2010 steampunk fantasy. Darian Frey is still just barely holding the
airship Ketty Jay and her crew of misfits together, and once more
he's going to get in way over his head.
It's been over a year since I read Retribution Falls, and I
think that's probably about the right mental distance… because this is
very much the same sort of story, complete with gradually increasing
emotional oscillations (mild despair, mild elation, major despair,
major elation, really amazingly terrible despair, etc.), and a heavy
emphasis on crew as family, who are the most important things to you
even if you don't always like them very much. It's feel-good reading
that tries to push all the emotional buttons even if it hasn't always
earned the right to do so.
There are betrayals and sudden appearances and gosh-wow moments, and
more seriously there's some development of the Manes, which in the
first book were mostly a zombie-style horde of inhuman killers. Frey
is still the author of at least half the things wrong in his life, but
he develops (to his own surprise, never mind the reader's) a
remarkable nobility, apparently as the result of trying to think about
what he actually wants from life. (If I have to read a mid-life crisis
book, let it at least be one with airships in it!)

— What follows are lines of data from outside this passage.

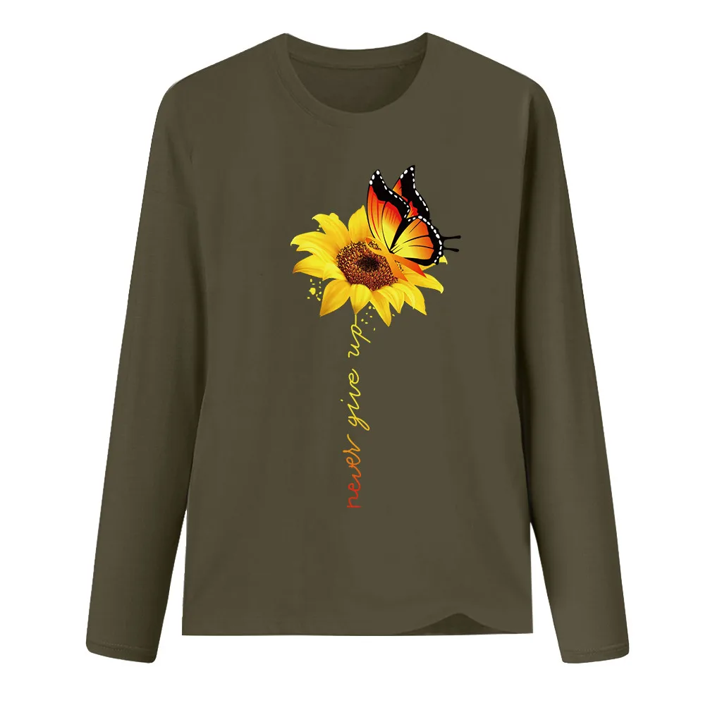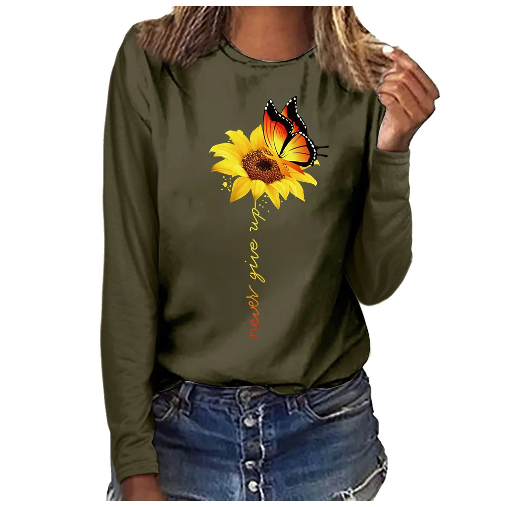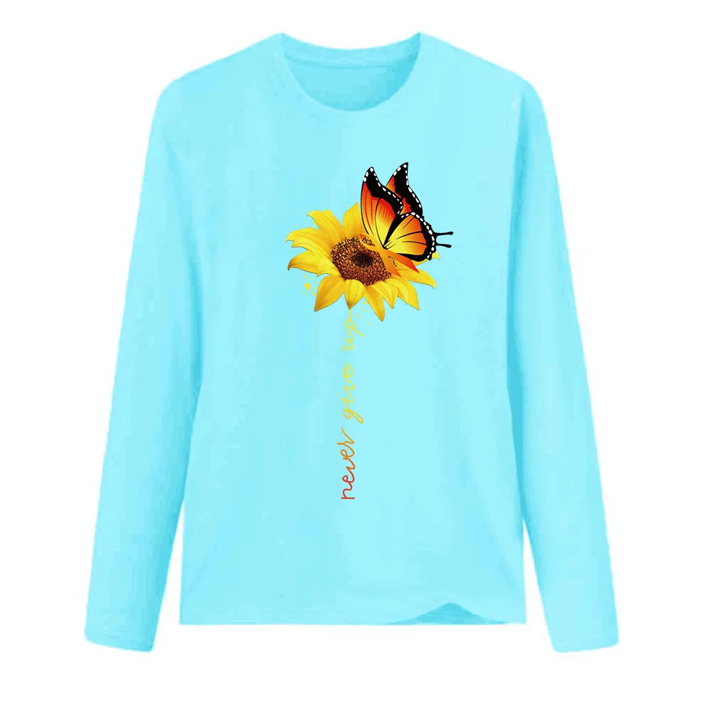 Женская мода плюс размер круглый вырез с длинным рукавом Футболка Блузка Топы
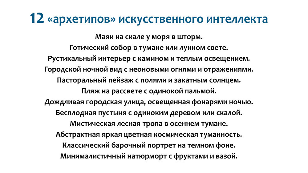 Список ИИ-архетипов: Вот, сгенерил картинки для каждого из них: Интересно, ИИ упирается в одну из этих 12 сцен и останавливается?
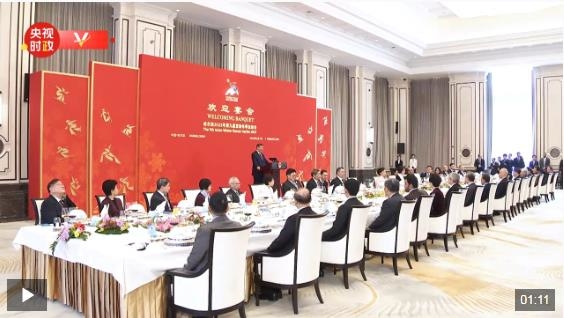 2月7日中午,國(guó)家主席習(xí)近平和夫人彭麗媛在黑龍江省哈爾濱市太陽島賓館舉行宴會(huì),歡迎來華出席哈爾濱第九屆亞洲冬季運(yùn)動(dòng)會(huì)開幕式的國(guó)際貴賓。
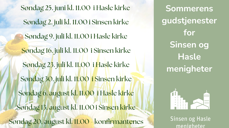 Sommerens gudstjenester for Sinsen og Hasle menigheter.
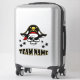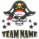 Highlight your favorite team name with this custom sports themed sticker designed with a pirate skull decal allowing you the ability to customize your favorite team or personal name. This team name sticker can be personalized with any fan or sports team name. This cool sports themed sticker makes a great gift for fans, players, and team supporters alike.
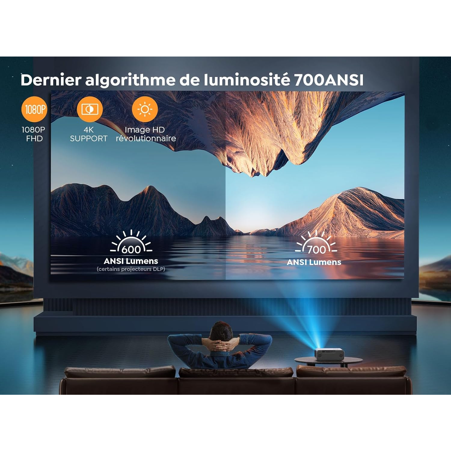 Ce projecteur combine Full HD natif, compatibilité 4K et connectivité avancée pour une utilisation multimédia complète. Les fonctions d’autofocus et de correction automatique simplifient l’installation et améliorent le confort d’usage. Sa connectivité WiFi 6 et Bluetooth renforce son intégration dans un écosystème moderne. Vidéo Projecteur Compatible iPhone offre une solution polyvalente pour cinéma maison et usage mobile.
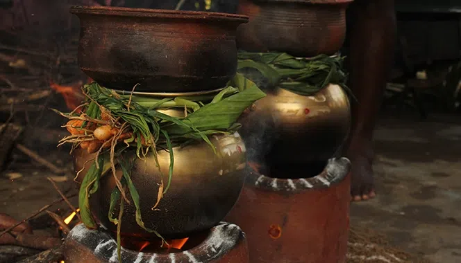 The origin of Pongal can be dated back to the Sangam age and has been mentioned in the Sanskrit puranas. The women of the Sangam era used to observe 'pavai nonbu' during Thai Neeradal, which was a big festival during the Pallavas' reign between 4 AD and 8 AD. The celebrations occurred during the Tamil month of Margazhi (between December and January) and the women used to pray for rains and prosperity to the deity Katyayani. Throughout the month, the women would take a bath early in the morning and avoid consuming milk or milk products. They would end their penance on the first day of Thai. This was done to bless the land and the paddy fields with rains and abundance. These traditions led to the annual Pongal celebrations over the years. In the Veeraraghava temple at Tiruvallur, an inscription was found, which said that the Chola King Kulottunga gifted lands to the temple during the Pongal celebrations. The festival celebrates nature's abundance and the harvest.
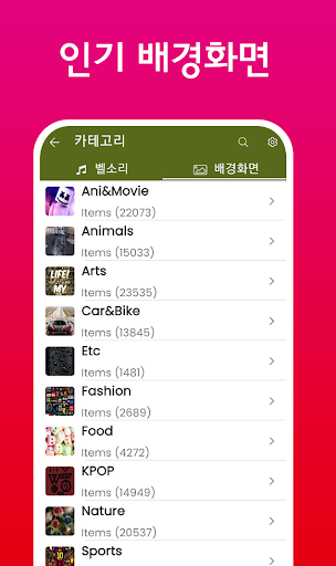 다양한 벨 소리와 배경화면 앱은 휴대폰을 받을때 마다 신선함을 선사합니다.
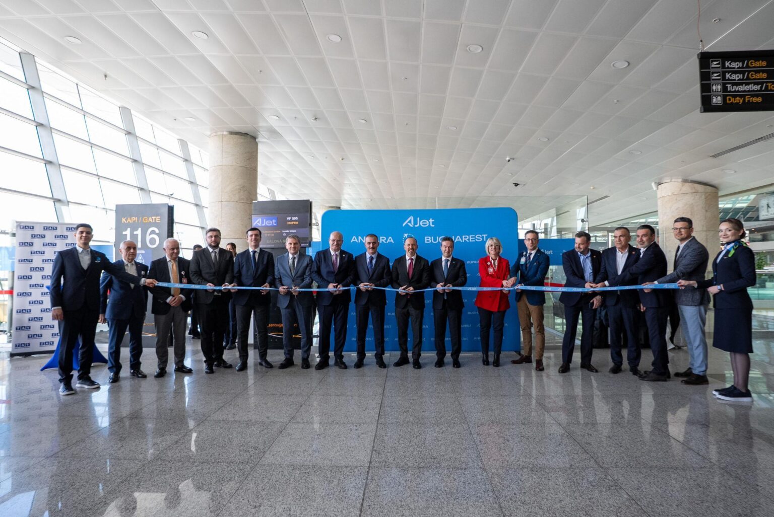 Tören, Ankara Esenboğa Havalimanı’nda gerçekleştirildi. Havalimanında yapılan kurdele kesiminin ardından Türkiye Cumhuriyeti Bükreş Büyükelçisi Özgür Kıvanç Altan, AJet Genel Müdürü Kerem Sarp, Gürsel Baran ve AJet ile havalimanı üst yönetimi uçağa bindi. Boeing 737-8 MAX tipi uçak, VF595 sefer sayılı ilk uçuş için hazırlandı. Uçuş öncesinde yolculara lokum ikram edilirken, Kerem Sarp yolcularla sohbet etti ve hatıra hediyeleri dağıttı. Törenin ikinci kısmı Romanya’da devam etti. Yaklaşık 1,5 saat süren uçuşun ardından uçak, Henri Coanda Uluslararası Havalimanı’na yolcuların alkışları eşliğinde iniş yaptı ve geleneksel su takı ile karşılandı. Burada bir basın toplantısı ve karşılama töreni düzenlendi.
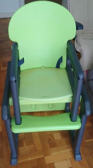 Silla alta para que el niño/a quede a la misma altura que los adultos y de esta forma desarrollar su capacidad para comer solo y relacionarse con los demás. Fácil de desmontar y llevarse. Los bordes de la bandeja sobresalen para que, si se derrama líquido, no caiga al suelo. Incluye cinturón de seguridad. Opcional: colchoncito para el respaldo y funda lavable. Si te interesa, mando fotos.
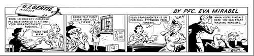 On May 6, 1943 Eva Mirabal enlisted in the Women's Army Corp and was stationed at Wright Field in Ohio. She was assigned to create a cartoon for WAC publications. Her character, G.I. Gertie, found herself in all the aspects and situations -often comedic-of military life. Eva's skill as a graphic artist was apparent and she was asked to continue with the character, as well as to create posters for US war bonds.
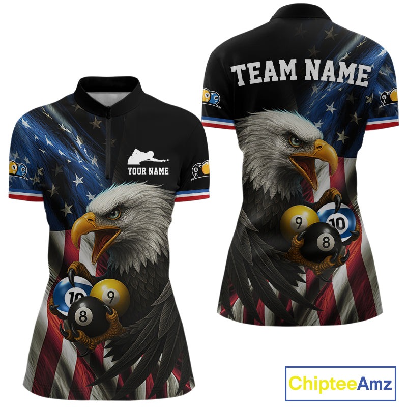 Personalized American Flag Eagle Pool Jersey For Women Custom Billiard 8, 9 & 10 Ball Team Shirt TDM5013
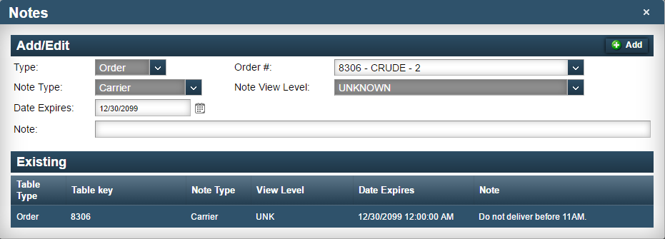 Access order, stop, and freight information for the selected order on the Crude Load Details page -
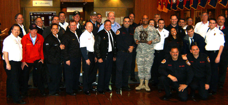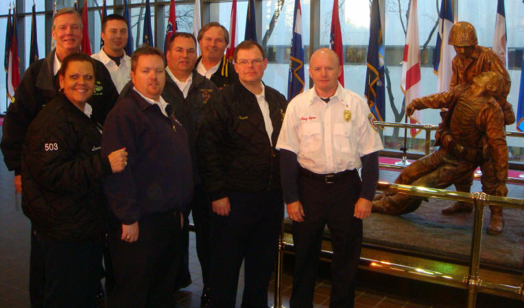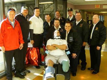 On December 3, 2010, thirty members of the Nassau County Firefighters-Operation Wounded Warrior program traveled to Walter Reed Hospital in Washington, D.C., and the National Naval Medical Center in Bethesda, MD, to present Christmas presents to hospitalized wounded warriors. Eight members of the Lynbrook Fire Department were part of this year's group that made the trip. They included: Third Deputy Chief Ed Hynes, and Firefighters Chris Hynes and Vincent McManus, representing Engine Company; Ex-Chief Richard Neidecker and Captain James Eisenhauer, representing Hose Company; Ex-Chief Kevin Bien, representing Truck Company; Ex-Captain Steve Grogan, representing Tally-Ho; and Ex-Captain Laura Gullicksen, representing the Medical Company. Additionally, First Lieutenant James Tucker, representing Vulcan Company, and who is also a Navy Corpsman, left the day before and traveled with another group of volunteer firefighters to Camp LeJeune. The Lynbrook Washington contingent left at 5 AM and were part of a nine vehicle caravan, including a U-Haul truck that carried the presents. The caravan of fire department vehicles has been dubbed the "Long Red Line." The group presented 107 Christmas gift bags containing numerous presents (DVD player, NCFD fleece, blankets, socks, toiletries, Christmas cards, letters and notes) to soldiers receiving treatment at the two hospitals treating these wounded warriors.
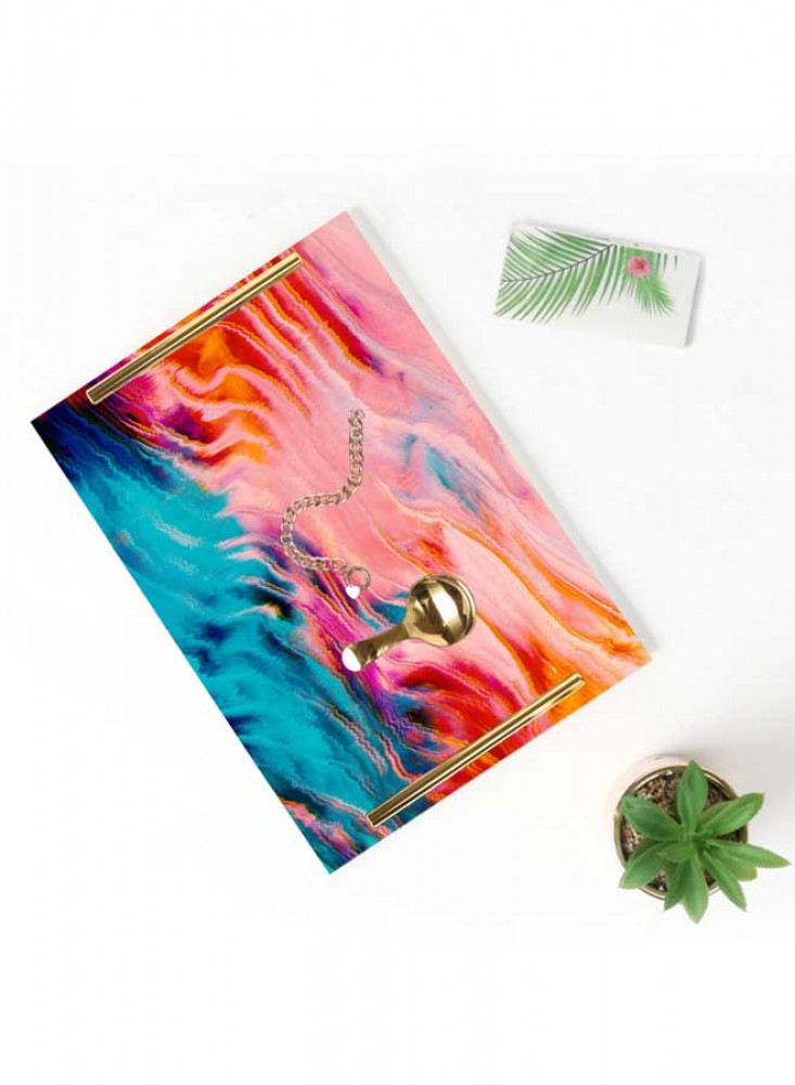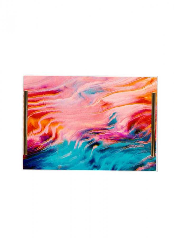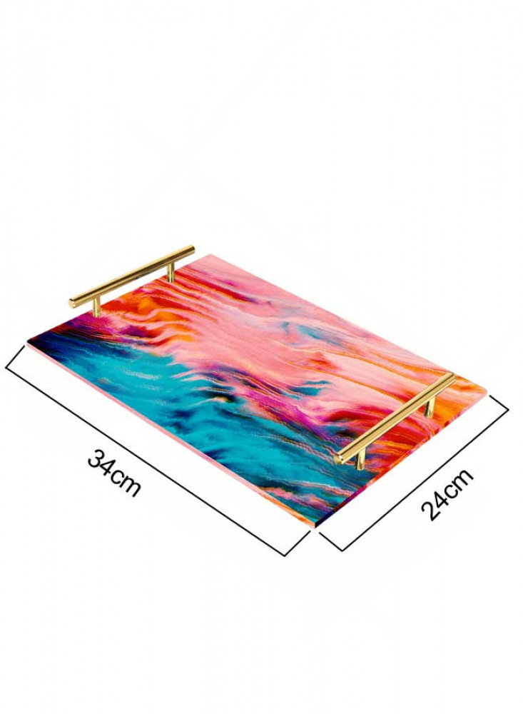 صينية تقديم مصنوعة من الأكريليك مزخرفة بتصميم بالألوان المائية بمقابض معدنية ذهبية اللون
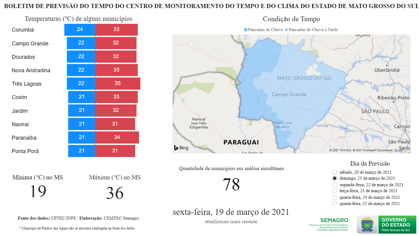 A previsão é de céu parcialmente nublado com possibilidade para pancadas de chuvas em todo o Estado. Temperaturas em Mato Grosso do Sul poderão variar entre de 19°C a 36°C e na capital a variação está estimada em 22°C a 32°C.
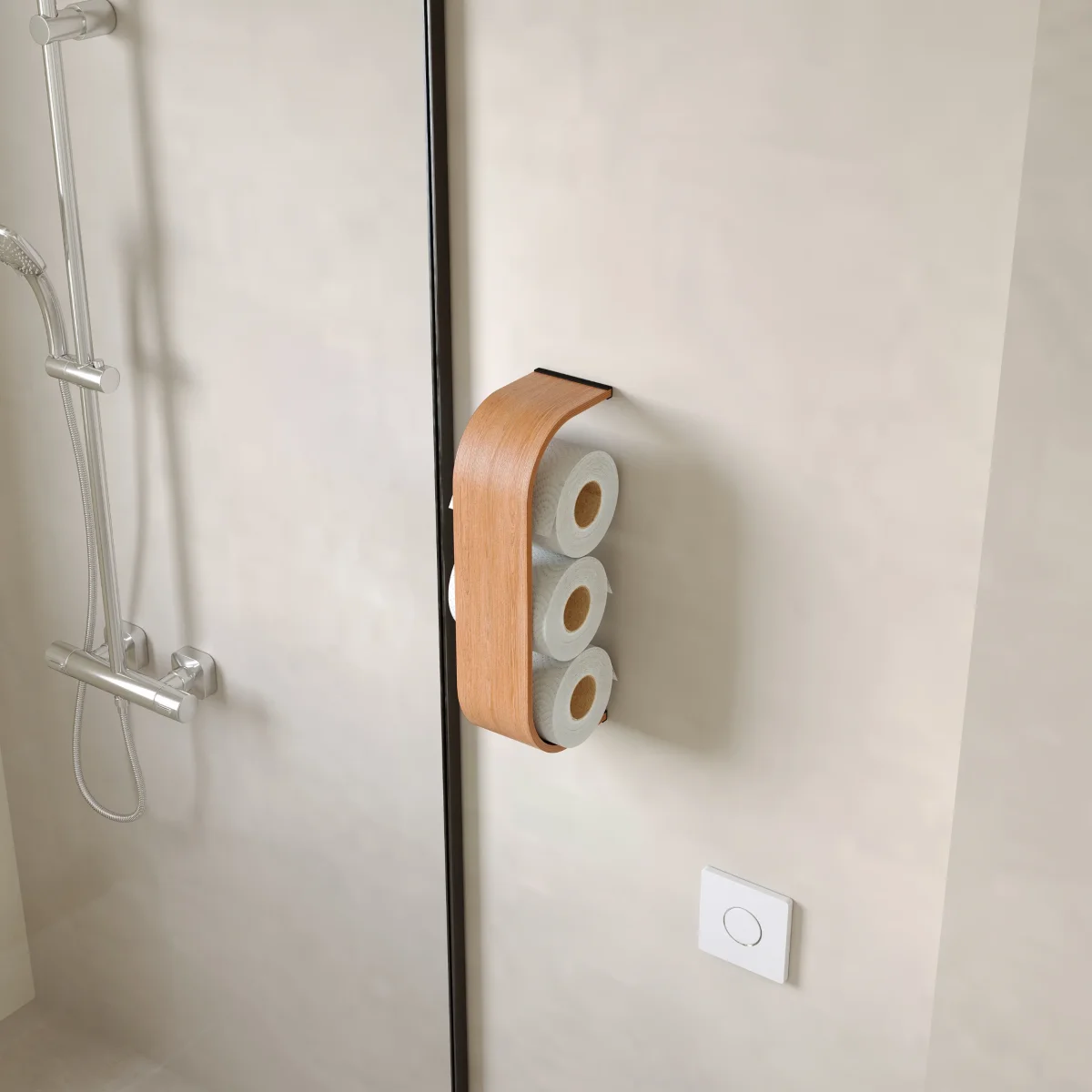 Le porte-rouleaux de papier toilette est fabriqué à partir de contreplaqué de bouleau de la Baltique fini avec différents placages de bois, ce qui garantit sa qualité, sa durabilité et son esthétique intemporelle.
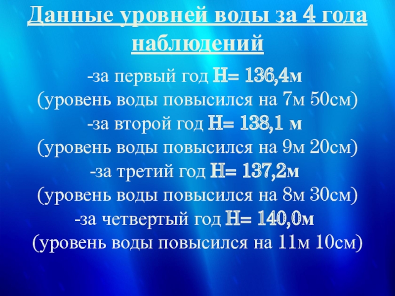 Слайд 19Данные уровней воды за 4 года наблюдений
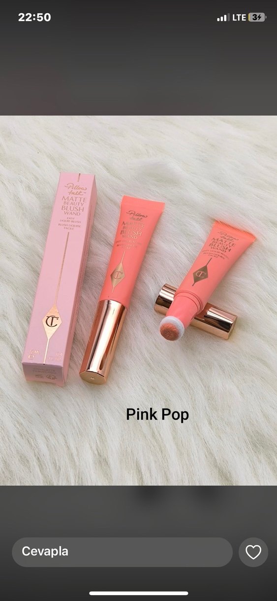 Charlotte Tilbury'nin 'Pink Pop' adlı pastel pembe mat allık wandı, yumuşak ve mat bir görünüm sağlar, uygulaması kolay uçlu wand ile.
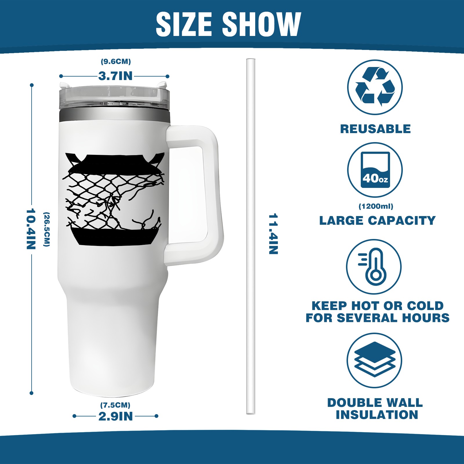 <b>ZXIVGOQFR Tumbler Is Your Dream Cup! </b>Whichever way your day flows, tumbler keeps you refreshed with fewer refills. </br> </br> ●<b>Double Wall Vacuum Insulation </b>means drinks stay cold, iced or hot for hours. </br> ●With advanced lid construction,STRAW OPENING designed to resist splashes with a seal that holds the reusable straw in place, a drink opening, and a full-cover top for added leak resistance. Totally spill proof! </br> ●ZXIVGOQFR Tumbler also included an ergonomic, comfort-grip HANDLE, 40 ounce tumbler cup is 2.9” wide at the base and 3.7” at the top. Narrow base fits just about any car cup holder. So you can bring a smoothie cup, iced coffee cup or extra espresso for your daily commute or weekend outing.

Each of the other characters also gets some development, some rather
more than others; although it's still facile, I think this book
manages to move a little beyond the basic "this bad thing happened to
him so he's like this now" that was the main approach of the first
volume.
Things do move a bit slowly, particularly in the first half, but
overall this is a step up from the mind-candy of the first book.
Followed by The Iron Jackal.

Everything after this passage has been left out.